■ RECORD EXCERPTS ■

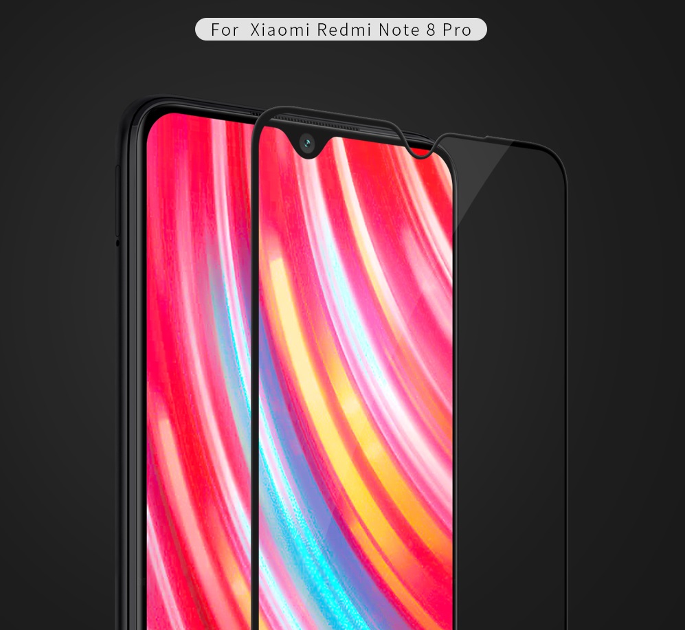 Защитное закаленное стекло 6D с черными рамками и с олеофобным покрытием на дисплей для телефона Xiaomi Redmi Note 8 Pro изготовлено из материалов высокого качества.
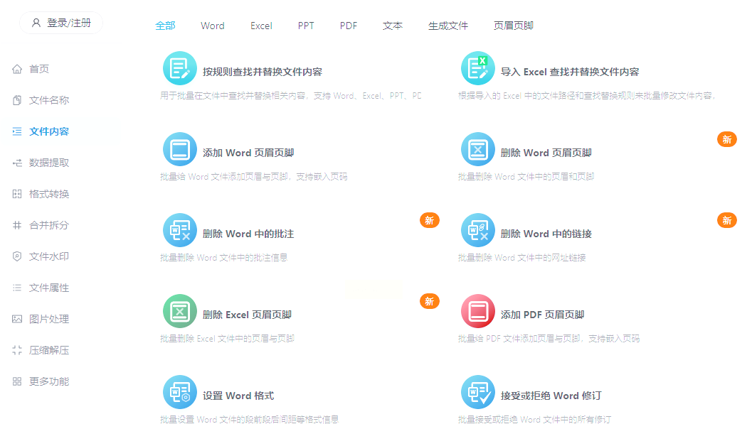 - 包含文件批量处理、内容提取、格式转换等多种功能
==
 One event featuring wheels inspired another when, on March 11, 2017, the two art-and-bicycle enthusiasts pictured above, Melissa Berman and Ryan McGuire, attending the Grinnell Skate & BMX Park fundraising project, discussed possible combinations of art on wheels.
...
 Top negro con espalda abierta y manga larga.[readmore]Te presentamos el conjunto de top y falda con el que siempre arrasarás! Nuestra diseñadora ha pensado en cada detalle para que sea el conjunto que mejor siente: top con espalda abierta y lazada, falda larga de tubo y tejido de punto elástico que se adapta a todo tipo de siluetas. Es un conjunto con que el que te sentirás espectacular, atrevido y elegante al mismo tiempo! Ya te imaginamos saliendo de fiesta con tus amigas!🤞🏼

■ TO DO ■
What is needed is an exact copy of the lines above, from the one holding "Защитное закаленное стекло" down to the one holding "- 包含文件批量处理、内容提取、格式转换等多种功能", with those two included and the pictures left out.

■ TASK RESPONSE ■
 Защитное закаленное стекло 6D с черными рамками и с олеофобным покрытием на дисплей для телефона Xiaomi Redmi Note 8 Pro изготовлено из материалов высокого качества.
 - 包含文件批量处理、内容提取、格式转换等多种功能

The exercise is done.